Problem statement :: In the copy, include no images, and repeat each entry precisely as written.

BEGIN Data supplied

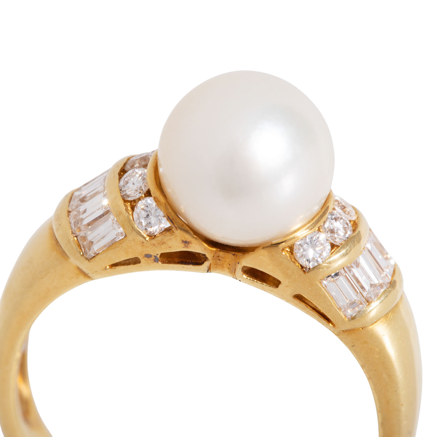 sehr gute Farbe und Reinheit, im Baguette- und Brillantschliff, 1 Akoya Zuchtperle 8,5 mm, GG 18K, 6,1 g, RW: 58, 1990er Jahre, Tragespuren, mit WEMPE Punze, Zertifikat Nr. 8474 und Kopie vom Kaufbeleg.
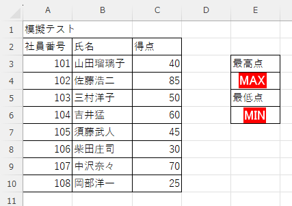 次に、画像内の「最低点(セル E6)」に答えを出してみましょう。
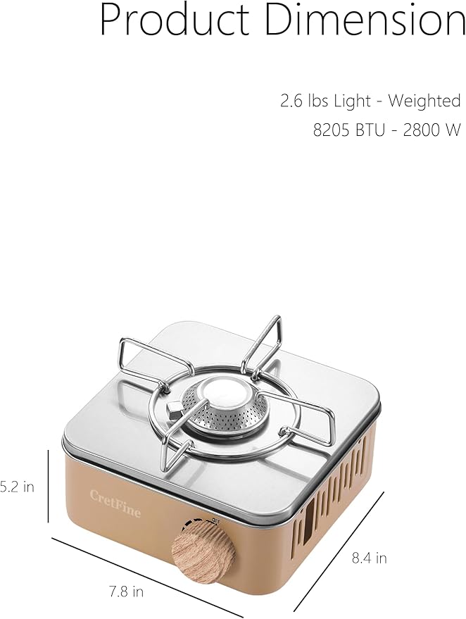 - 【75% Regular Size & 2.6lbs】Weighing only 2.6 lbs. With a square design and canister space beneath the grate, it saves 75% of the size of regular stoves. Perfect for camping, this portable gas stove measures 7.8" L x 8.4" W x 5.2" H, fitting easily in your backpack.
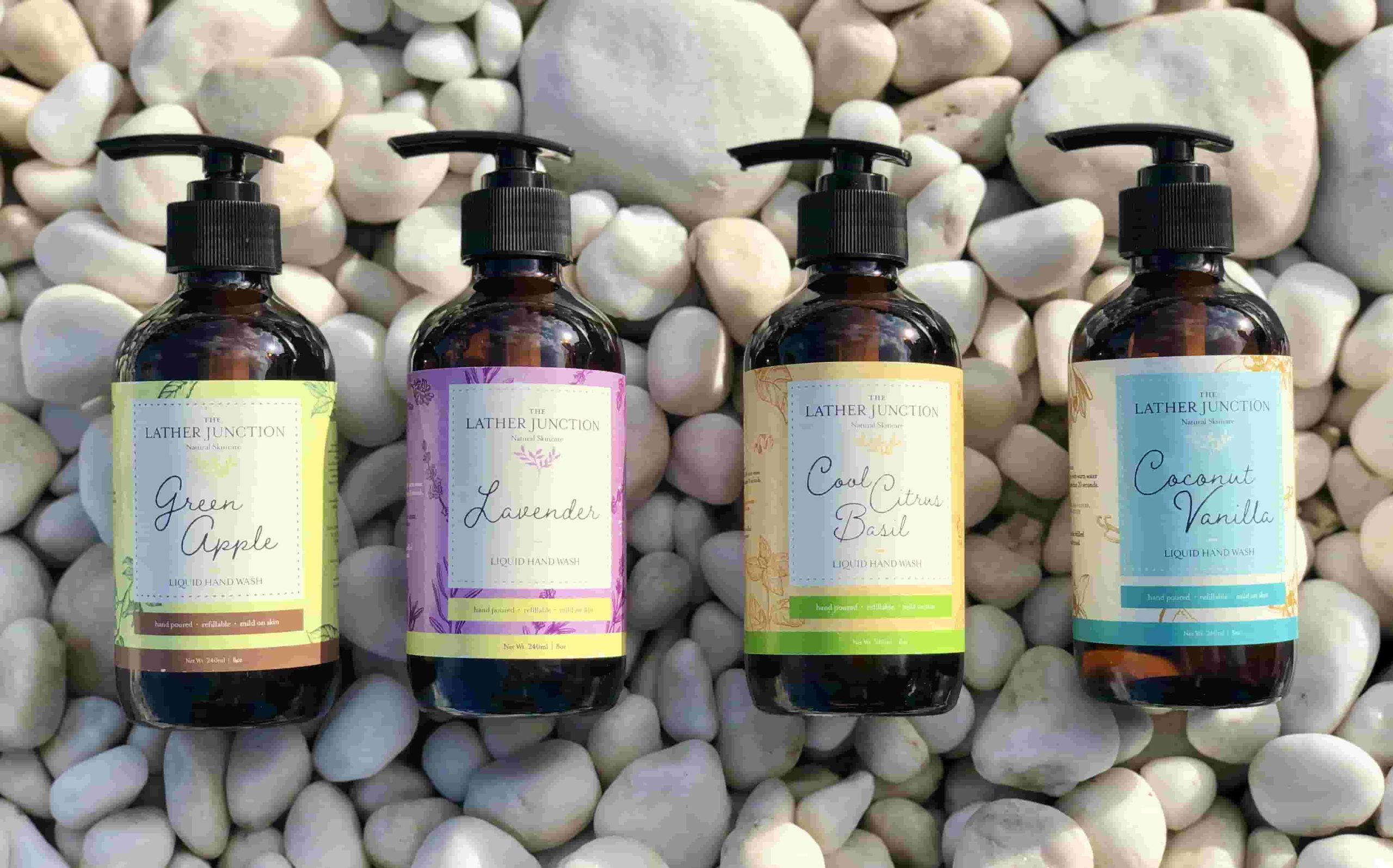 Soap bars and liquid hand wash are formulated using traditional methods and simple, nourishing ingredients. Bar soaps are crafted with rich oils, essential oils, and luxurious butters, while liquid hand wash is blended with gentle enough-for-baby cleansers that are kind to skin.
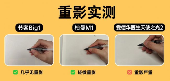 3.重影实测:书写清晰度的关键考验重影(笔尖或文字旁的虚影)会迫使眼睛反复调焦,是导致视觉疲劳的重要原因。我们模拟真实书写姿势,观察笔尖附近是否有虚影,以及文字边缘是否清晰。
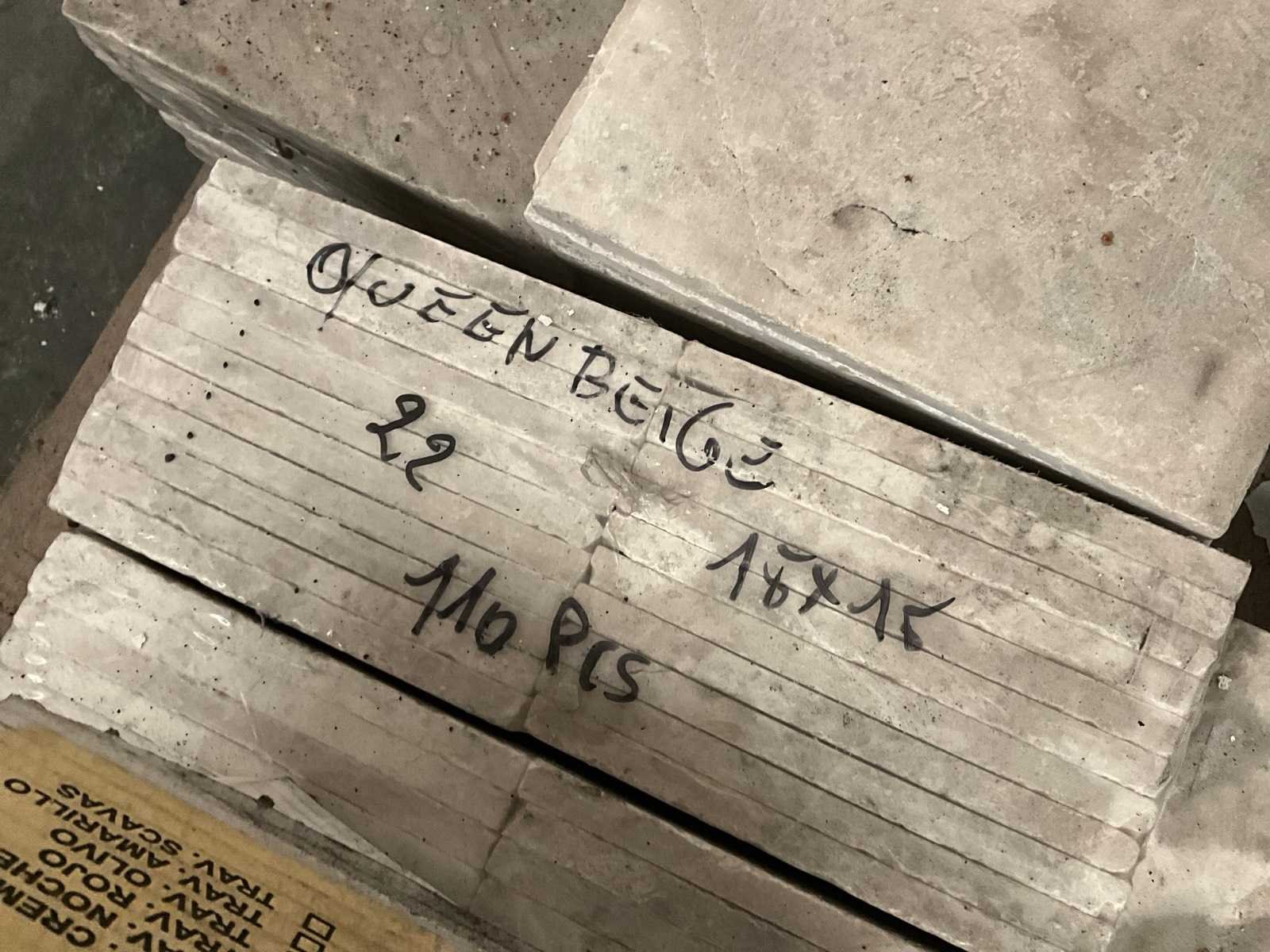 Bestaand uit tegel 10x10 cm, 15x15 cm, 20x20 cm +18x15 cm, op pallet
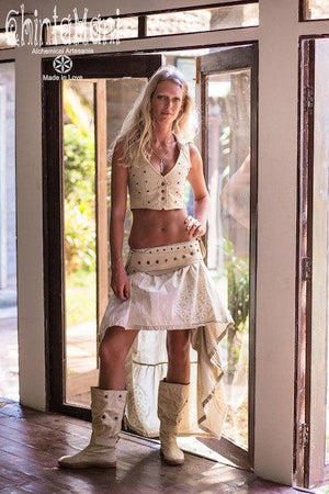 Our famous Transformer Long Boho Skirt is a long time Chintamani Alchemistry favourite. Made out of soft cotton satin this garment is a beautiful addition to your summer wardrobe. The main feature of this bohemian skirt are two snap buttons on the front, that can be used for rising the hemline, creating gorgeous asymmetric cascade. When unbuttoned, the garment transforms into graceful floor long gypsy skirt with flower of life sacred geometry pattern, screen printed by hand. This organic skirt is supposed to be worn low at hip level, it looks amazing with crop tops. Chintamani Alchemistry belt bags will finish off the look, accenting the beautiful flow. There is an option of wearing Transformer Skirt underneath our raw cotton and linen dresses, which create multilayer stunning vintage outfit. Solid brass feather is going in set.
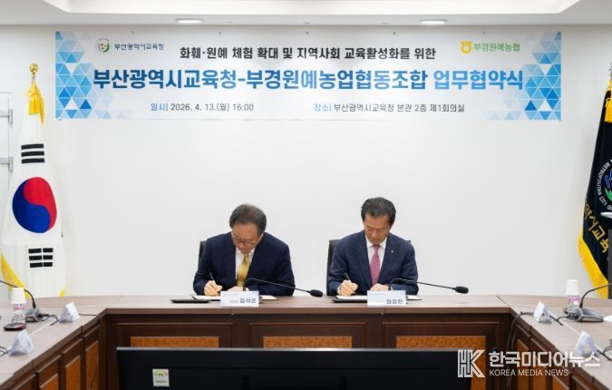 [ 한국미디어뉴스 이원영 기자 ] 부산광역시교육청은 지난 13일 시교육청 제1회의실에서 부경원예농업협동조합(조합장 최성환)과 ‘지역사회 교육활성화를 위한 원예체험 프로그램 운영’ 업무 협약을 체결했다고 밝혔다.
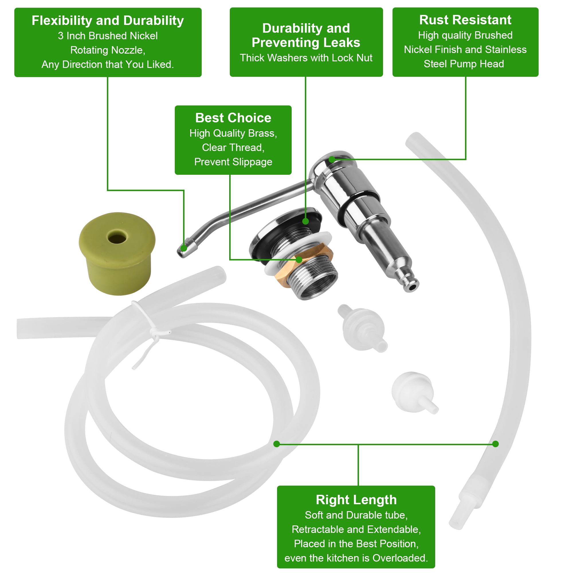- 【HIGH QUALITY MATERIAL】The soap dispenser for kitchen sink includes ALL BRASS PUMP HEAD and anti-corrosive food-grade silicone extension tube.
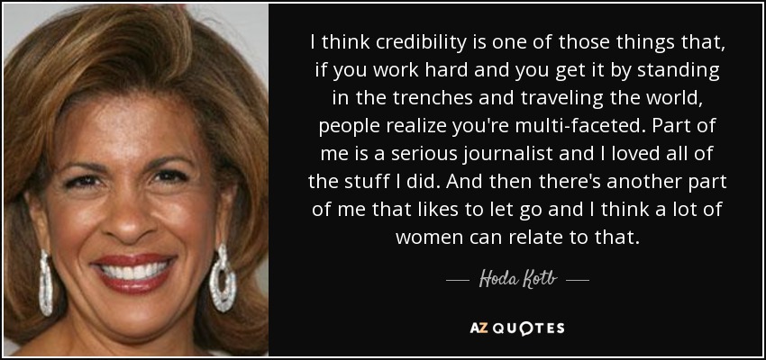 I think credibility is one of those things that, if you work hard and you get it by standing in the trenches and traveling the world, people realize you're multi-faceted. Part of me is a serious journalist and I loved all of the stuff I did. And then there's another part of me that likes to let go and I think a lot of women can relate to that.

END Data supplied

Solution for this task ::
 sehr gute Farbe und Reinheit, im Baguette- und Brillantschliff, 1 Akoya Zuchtperle 8,5 mm, GG 18K, 6,1 g, RW: 58, 1990er Jahre, Tragespuren, mit WEMPE Punze, Zertifikat Nr. 8474 und Kopie vom Kaufbeleg.
 次に、画像内の「最低点(セル E6)」に答えを出してみましょう。
 - 【75% Regular Size & 2.6lbs】Weighing only 2.6 lbs. With a square design and canister space beneath the grate, it saves 75% of the size of regular stoves. Perfect for camping, this portable gas stove measures 7.8" L x 8.4" W x 5.2" H, fitting easily in your backpack.
 Soap bars and liquid hand wash are formulated using traditional methods and simple, nourishing ingredients. Bar soaps are crafted with rich oils, essential oils, and luxurious butters, while liquid hand wash is blended with gentle enough-for-baby cleansers that are kind to skin.
 3.重影实测:书写清晰度的关键考验重影(笔尖或文字旁的虚影)会迫使眼睛反复调焦,是导致视觉疲劳的重要原因。我们模拟真实书写姿势,观察笔尖附近是否有虚影,以及文字边缘是否清晰。
 Bestaand uit tegel 10x10 cm, 15x15 cm, 20x20 cm +18x15 cm, op pallet
 Our famous Transformer Long Boho Skirt is a long time Chintamani Alchemistry favourite. Made out of soft cotton satin this garment is a beautiful addition to your summer wardrobe. The main feature of this bohemian skirt are two snap buttons on the front, that can be used for rising the hemline, creating gorgeous asymmetric cascade. When unbuttoned, the garment transforms into graceful floor long gypsy skirt with flower of life sacred geometry pattern, screen printed by hand. This organic skirt is supposed to be worn low at hip level, it looks amazing with crop tops. Chintamani Alchemistry belt bags will finish off the look, accenting the beautiful flow. There is an option of wearing Transformer Skirt underneath our raw cotton and linen dresses, which create multilayer stunning vintage outfit. Solid brass feather is going in set.
 [ 한국미디어뉴스 이원영 기자 ] 부산광역시교육청은 지난 13일 시교육청 제1회의실에서 부경원예농업협동조합(조합장 최성환)과 ‘지역사회 교육활성화를 위한 원예체험 프로그램 운영’ 업무 협약을 체결했다고 밝혔다.
- 【HIGH QUALITY MATERIAL】The soap dispenser for kitchen sink includes ALL BRASS PUMP HEAD and anti-corrosive food-grade silicone extension tube.
 I think credibility is one of those things that, if you work hard and you get it by standing in the trenches and traveling the world, people realize you're multi-faceted. Part of me is a serious journalist and I loved all of the stuff I did. And then there's another part of me that likes to let go and I think a lot of women can relate to that.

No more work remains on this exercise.